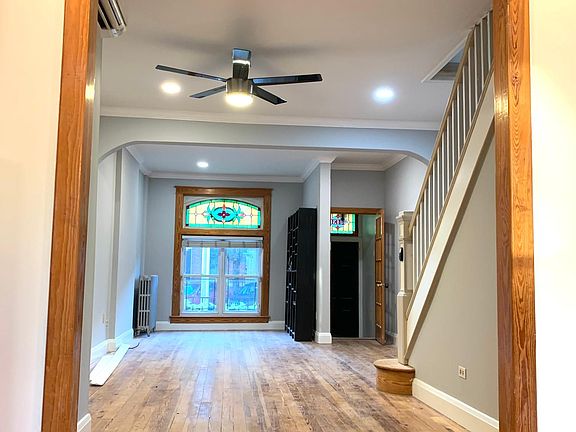 Lovely spacious 2 BR rowhouse with amazing location - just 8 houses from Patterson Park (that's 295 acres of backyard for you)! Hardwood floors on first floor and stairs to 2nd floor, original wood trim, stained glass. 1st floor renovated within the year with new recessed lighting, crown moulding, and paint. Bedrooms have been painted and new ceiling fans. Main bathroom fully renovated within the year with subway tile, ceramic floor tile, new sink/vanity/medicine cabinet/lighting, toilet. New stainless fridge (not in pictures.) Lots of kitchen storage and other house storage. Gated backyard patio perfect for BBQs and container gardening, has a raised garden bed and outdoor lights. Big semi-finished bonus room in basement (with window) for home office, den, hanging out. Main full bath is on 2nd floor, and small 1/2 bath in the basement. Full size washer/dryer, dishwasher, disposal, gas stove/oven, ductless air conditioning for efficiency. Responsive landlords who live nearby. Less than 1.5 miles to Johns Hopkins Hospital, 2.5 miles to Univ of MD Medical Center, 1.3 miles to Harbor East. Walkable to all locations in the Canton neighborhood: Safeway grocery store, coffee/ice cream shops, bars/restaurants. Walkable to Fells Point, waterfront promenade. 8 doors down from Patterson Park for athletics and open space. Parking is on street (no permit required), but proximity to the park loosens up parking. 1 year lease, starting approx October 1, with interest in extending past that. Tenants pay rent, plus utilities (water/sewer, gas/electric, electric). No smoking indoors or on outdoor premises. Credit check requirement. Landlords are a responsive couple who live nearby. Our current tenants are living in the home we will make arrangements to show the house to serious inquiries whose lease timing etc match ours. Seeking tenants without pets.
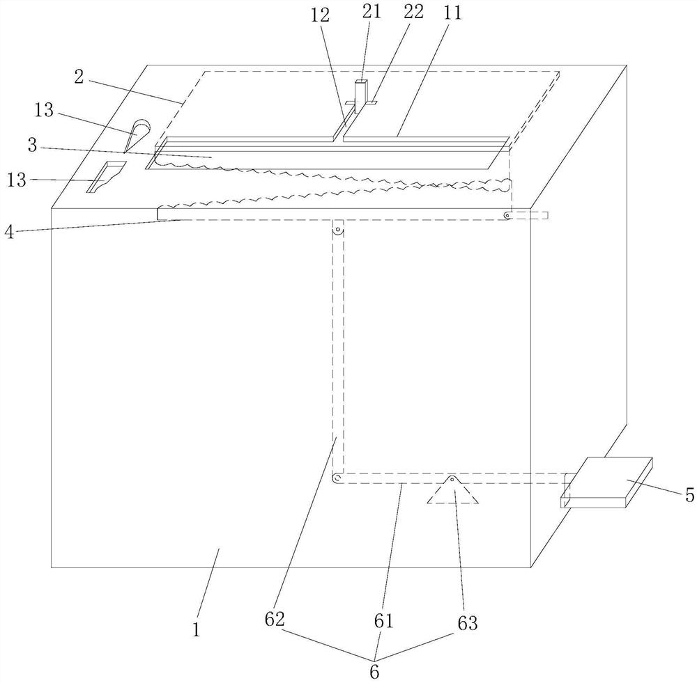 | 摘要: | 本实用新型公开了一种锐器盒,包括盒体,所述盒体的顶板上开有开孔,所述开孔为长方形孔,盒体的顶板下侧安装有沿长方形孔宽度方向滑动的可打开和关闭长方形孔的盖板,盖板的下侧面固定有沿长方形孔的长度方向布置的固定刀片,固定刀片的刀刃朝下,盒体内壁铰接有沿长方形孔的长度方向布置的活动刀片,活动刀片位于固定刀片的下方,活动刀片的刀刃朝上并与固定刀片的刀刃错位且构成切刀,位于长方形孔的长度方向一端的盒体的侧壁下部安装有脚踏板,脚踏板通过装于盒体内的连杆联动活动刀片相对固定刀片运动。本实用新型的锐器盒可杜绝处理人员受伤和感染的风险。 | ||||
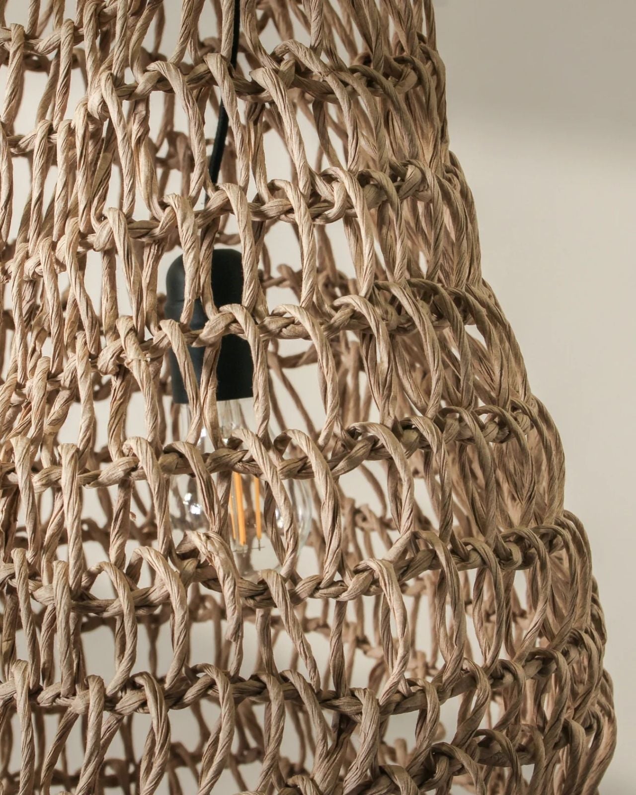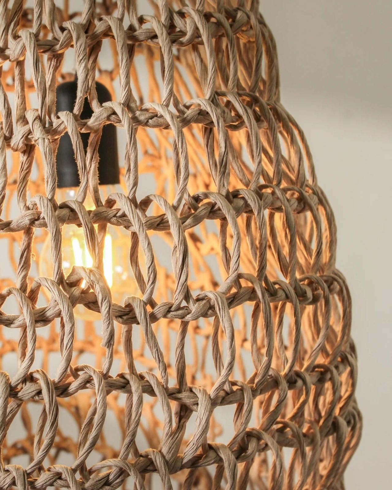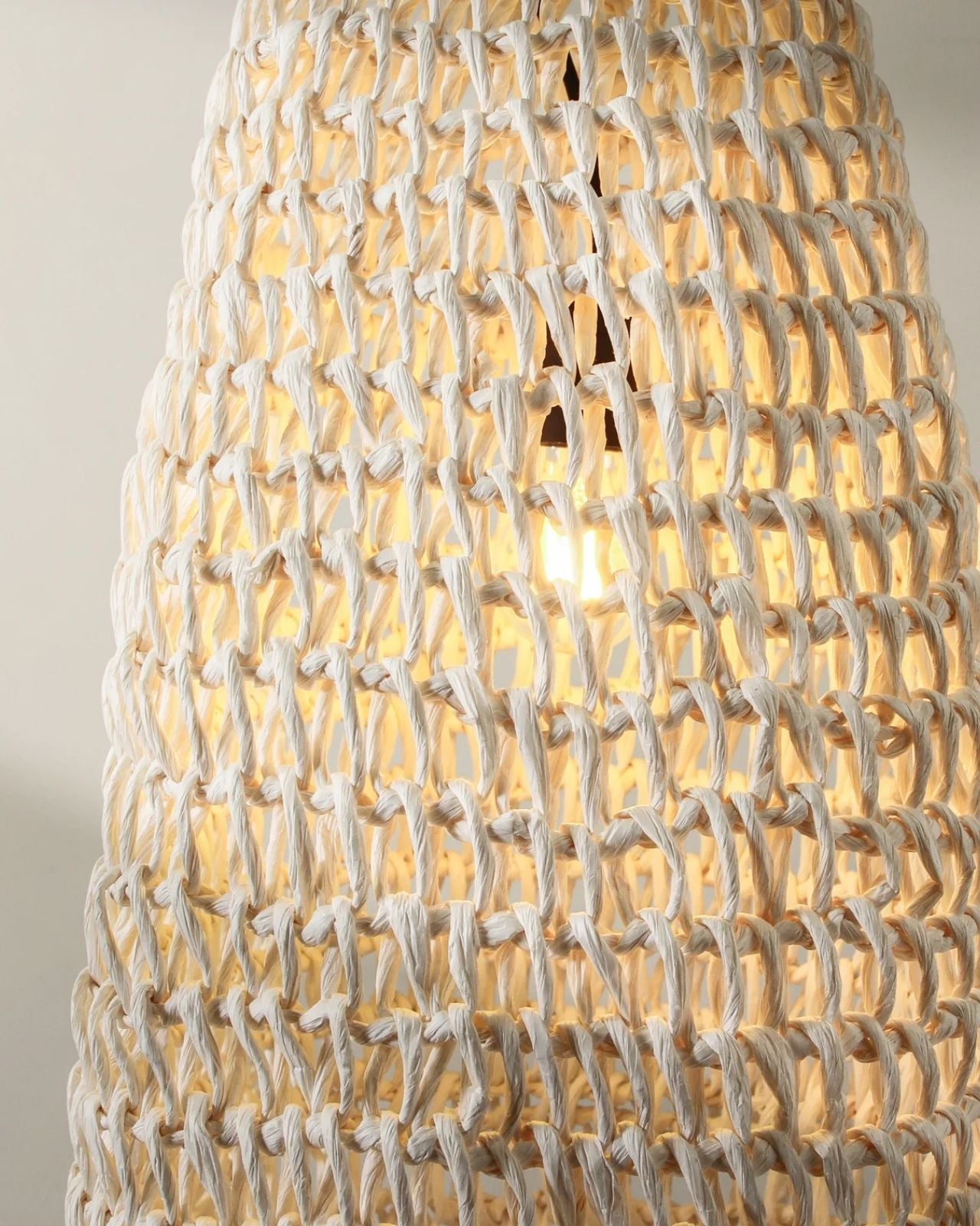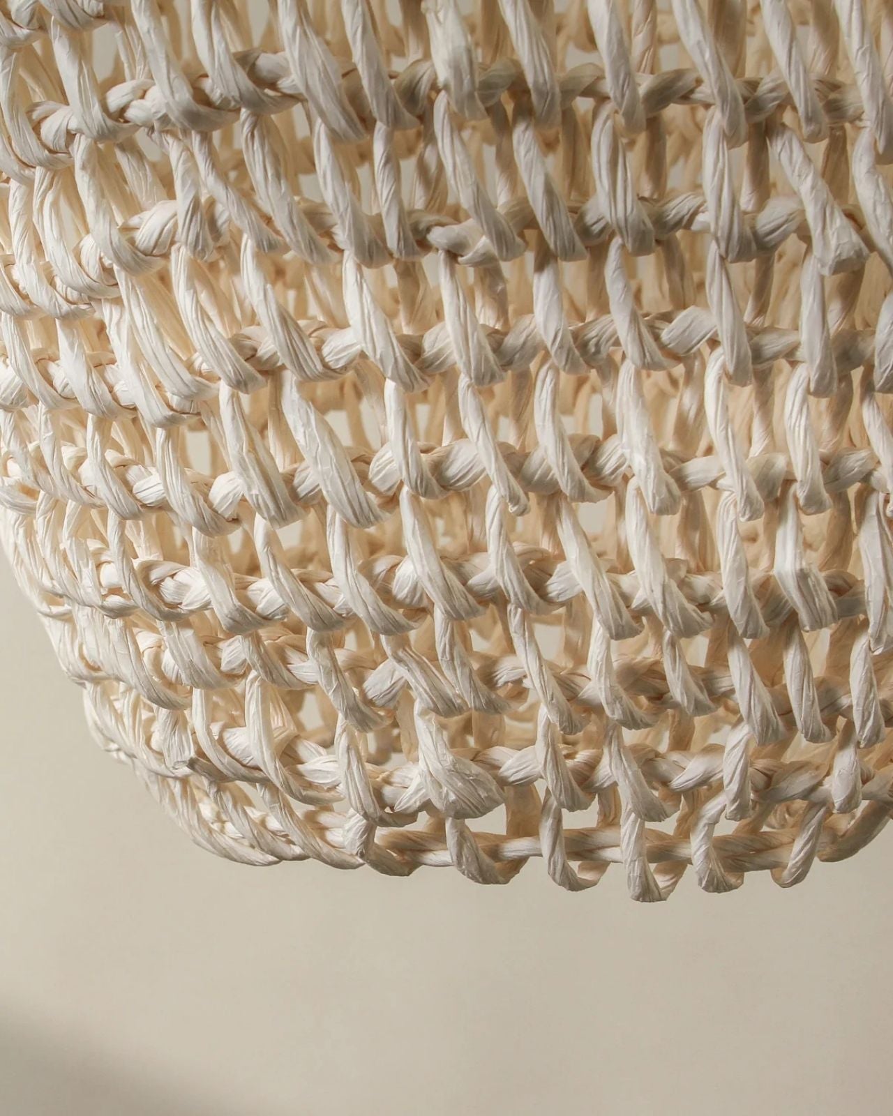Elongated Handwoven Paper Rope Column Pendant - Natural

WHAT YOU WILL DO: Once the pictures have been removed, reproduce each line of the material above exactly.

TASK OUTPUT:
 Lovely spacious 2 BR rowhouse with amazing location - just 8 houses from Patterson Park (that's 295 acres of backyard for you)! Hardwood floors on first floor and stairs to 2nd floor, original wood trim, stained glass. 1st floor renovated within the year with new recessed lighting, crown moulding, and paint. Bedrooms have been painted and new ceiling fans. Main bathroom fully renovated within the year with subway tile, ceramic floor tile, new sink/vanity/medicine cabinet/lighting, toilet. New stainless fridge (not in pictures.) Lots of kitchen storage and other house storage. Gated backyard patio perfect for BBQs and container gardening, has a raised garden bed and outdoor lights. Big semi-finished bonus room in basement (with window) for home office, den, hanging out. Main full bath is on 2nd floor, and small 1/2 bath in the basement. Full size washer/dryer, dishwasher, disposal, gas stove/oven, ductless air conditioning for efficiency. Responsive landlords who live nearby. Less than 1.5 miles to Johns Hopkins Hospital, 2.5 miles to Univ of MD Medical Center, 1.3 miles to Harbor East. Walkable to all locations in the Canton neighborhood: Safeway grocery store, coffee/ice cream shops, bars/restaurants. Walkable to Fells Point, waterfront promenade. 8 doors down from Patterson Park for athletics and open space. Parking is on street (no permit required), but proximity to the park loosens up parking. 1 year lease, starting approx October 1, with interest in extending past that. Tenants pay rent, plus utilities (water/sewer, gas/electric, electric). No smoking indoors or on outdoor premises. Credit check requirement. Landlords are a responsive couple who live nearby. Our current tenants are living in the home we will make arrangements to show the house to serious inquiries whose lease timing etc match ours. Seeking tenants without pets.
 | 摘要: | 本实用新型公开了一种锐器盒,包括盒体,所述盒体的顶板上开有开孔,所述开孔为长方形孔,盒体的顶板下侧安装有沿长方形孔宽度方向滑动的可打开和关闭长方形孔的盖板,盖板的下侧面固定有沿长方形孔的长度方向布置的固定刀片,固定刀片的刀刃朝下,盒体内壁铰接有沿长方形孔的长度方向布置的活动刀片,活动刀片位于固定刀片的下方,活动刀片的刀刃朝上并与固定刀片的刀刃错位且构成切刀,位于长方形孔的长度方向一端的盒体的侧壁下部安装有脚踏板,脚踏板通过装于盒体内的连杆联动活动刀片相对固定刀片运动。本实用新型的锐器盒可杜绝处理人员受伤和感染的风险。 | ||||
Elongated Handwoven Paper Rope Column Pendant - Natural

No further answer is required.